_DATA SHOWN:_
☆ ☆ ☆

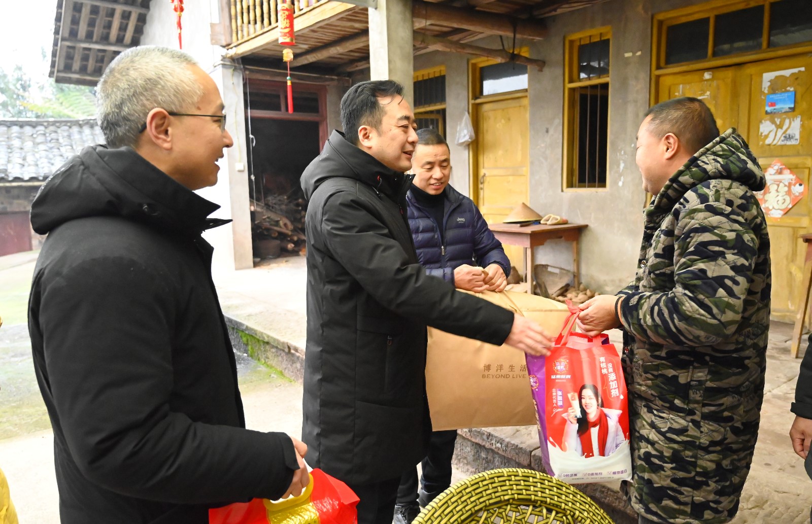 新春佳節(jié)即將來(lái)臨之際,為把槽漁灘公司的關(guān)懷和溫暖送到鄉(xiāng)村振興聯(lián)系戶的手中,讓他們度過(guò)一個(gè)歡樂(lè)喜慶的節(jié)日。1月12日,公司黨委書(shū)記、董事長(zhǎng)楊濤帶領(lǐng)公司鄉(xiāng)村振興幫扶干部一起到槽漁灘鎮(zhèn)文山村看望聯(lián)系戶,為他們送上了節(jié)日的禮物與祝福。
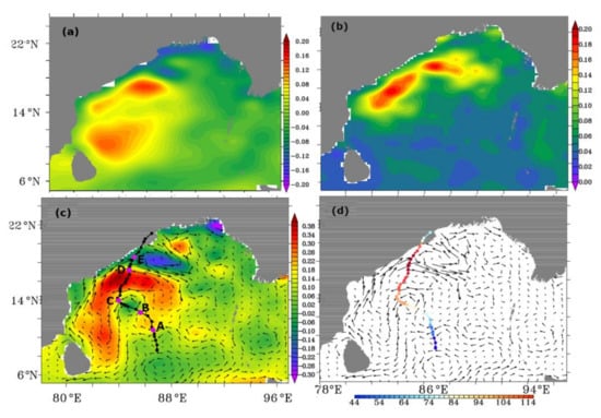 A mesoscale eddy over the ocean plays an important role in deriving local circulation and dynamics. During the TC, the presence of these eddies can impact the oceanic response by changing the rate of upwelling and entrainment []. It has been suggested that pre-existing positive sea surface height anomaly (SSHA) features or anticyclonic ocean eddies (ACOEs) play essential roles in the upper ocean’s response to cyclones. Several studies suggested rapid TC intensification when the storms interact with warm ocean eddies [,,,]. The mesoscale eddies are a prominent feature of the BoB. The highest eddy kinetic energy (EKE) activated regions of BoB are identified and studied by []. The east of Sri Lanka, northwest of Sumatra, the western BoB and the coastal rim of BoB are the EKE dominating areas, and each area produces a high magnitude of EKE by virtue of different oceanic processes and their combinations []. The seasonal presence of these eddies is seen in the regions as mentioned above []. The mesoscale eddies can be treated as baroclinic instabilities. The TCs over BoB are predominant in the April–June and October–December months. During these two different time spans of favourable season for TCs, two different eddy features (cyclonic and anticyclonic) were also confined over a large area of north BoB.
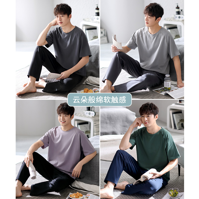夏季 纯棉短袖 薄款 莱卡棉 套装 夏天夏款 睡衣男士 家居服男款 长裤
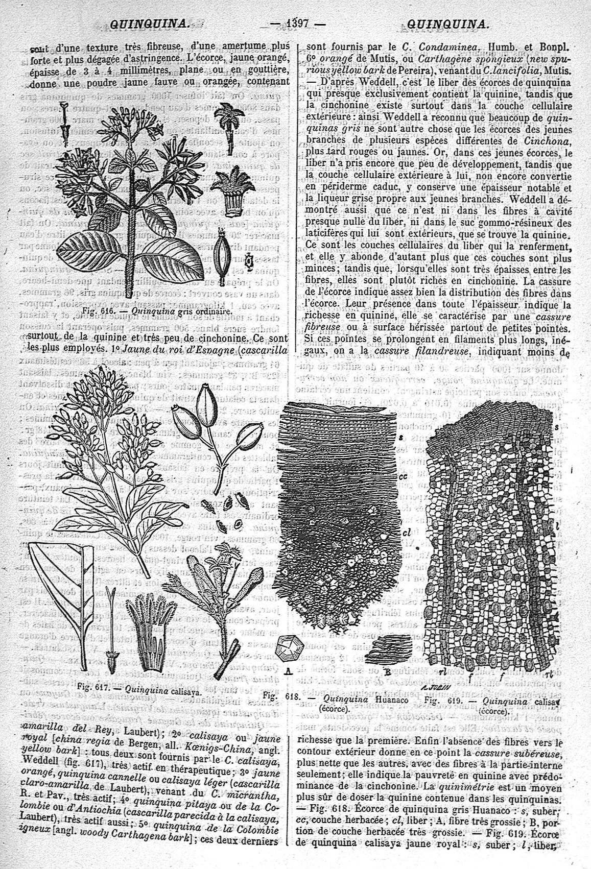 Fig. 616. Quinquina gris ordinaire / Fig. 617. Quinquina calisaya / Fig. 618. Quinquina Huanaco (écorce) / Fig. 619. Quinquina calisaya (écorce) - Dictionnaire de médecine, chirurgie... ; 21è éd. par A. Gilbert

☆ ☆ ☆

_TO DO:_
Your answer must be exactly the lines from the one with "夏季 纯棉短袖 薄款 莱卡棉 套装 夏天夏款 睡衣男士 家居服男款 长裤" through the final line of the data, with no pictures in it.

_REPLY TO THE EXERCISE:_
夏季 纯棉短袖 薄款 莱卡棉 套装 夏天夏款 睡衣男士 家居服男款 长裤
 Fig. 616. Quinquina gris ordinaire / Fig. 617. Quinquina calisaya / Fig. 618. Quinquina Huanaco (écorce) / Fig. 619. Quinquina calisaya (écorce) - Dictionnaire de médecine, chirurgie... ; 21è éd. par A. Gilbert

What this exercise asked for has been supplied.